Market capitalization, or market cap, is a measurement of a company's size. According to SEBI, all companies that are listed on the stock exchanges are ranked based on their market cap. The top 100 companies are categorised as large cap companies. Companies ranked from 101st-250th as mid cap companies, and those from 251st onwards as small cap companies.
Large cap companies generally have an established track record and tend to be less volatile. Mid cap companies are typically riskier than large caps and are in a growing phase. Small cap companies carry even more risk compared to mid -cap companies and have higher growth potential.
Multi cap funds help to manage risk through diversification. By investing in stocks of companies with varying market capitalizations and sectors, they spread risk across different segments of the market.
Multicap funds are managed by experienced fund managers who adjust the portfolio allocation based on prevailing market conditions, aiming for the fund to be positioned for optimal performance.
Multicap funds provide a balanced approach, aiming for stable returns and managed risk by capturing opportunities across the entire market, regardless of company size.
Multi cap funds are suitable for investors with a medium to long-term investment horizon. While short-term fluctuations may occur, the diversified nature of these funds may make them suitable for investors looking to build wealth over time.
Unlike funds that focus on a specific market capitalization, multi cap funds allow investors to invest in all market caps and sectors simultaneously. This provides more comprehensive equity exposure within a single fund. This makes the fund positioned to benefit from changing market cycles where different market segments may potentially outperform at different times.
While returns from multi cap funds can vary based on market conditions, the aim is to make the most of various market segments during different market cycles. It is important to note that multi cap funds come with very high risk and past performance is not indicative of future results.
Investing in multi cap funds offers several advantages.
• The first is simplicity and convenience of investing in multiple companies across market capitalization and eliminating the need to choose between large cap, mid cap, and small cap stocks.
• Second, these funds can help capitalize on varying market cycles where one market cap may outperform others.
• Third, these funds allow access to companies of all sizes – while large caps are predominantly well-established companies with relatively low volatility, small and midcaps come with greater potential to grow albeit at a higher risk. The combination offers a risk-adjusted portfolio that does not compromise growth prospects.

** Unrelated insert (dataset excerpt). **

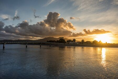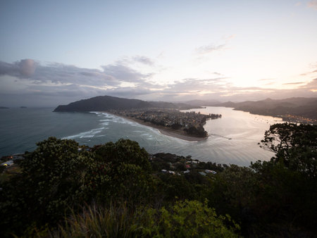 Sun rises over ocean and coastal beaches of Bay of Plenty viewed from Mount Maunganui.

Yes, multi cap funds are suitable for first-time investors as they provide an opportunity to have exposure to all market capitalizations—large cap, mid cap, and small cap stocks with professional management. This approach allows new investors to access a broad spectrum of growth opportunities across different segments of the market without the need for extensive market knowledge.
Investing in multi cap funds is simple. You can invest directly through the websites of fund houses or through online platforms offering mutual fund investment services. Additionally, you can approach banks, financial advisors, or mutual fund distributors to help you with the investment process. Before investing, it's essential to research different funds, consider factors such as risk profile, fund performance vis-à-vis benchmark and peers, expense ratios, and investment objectives. Consult with a financial advisor to align your investments with your financial goals.
Multi cap funds attract equity taxation as they invest at least 75% of their assets in equity and related instruments. Each investor is advised to consult his or her own tax consultant with respect to the specific tax implications arising out of his or her participation in the scheme.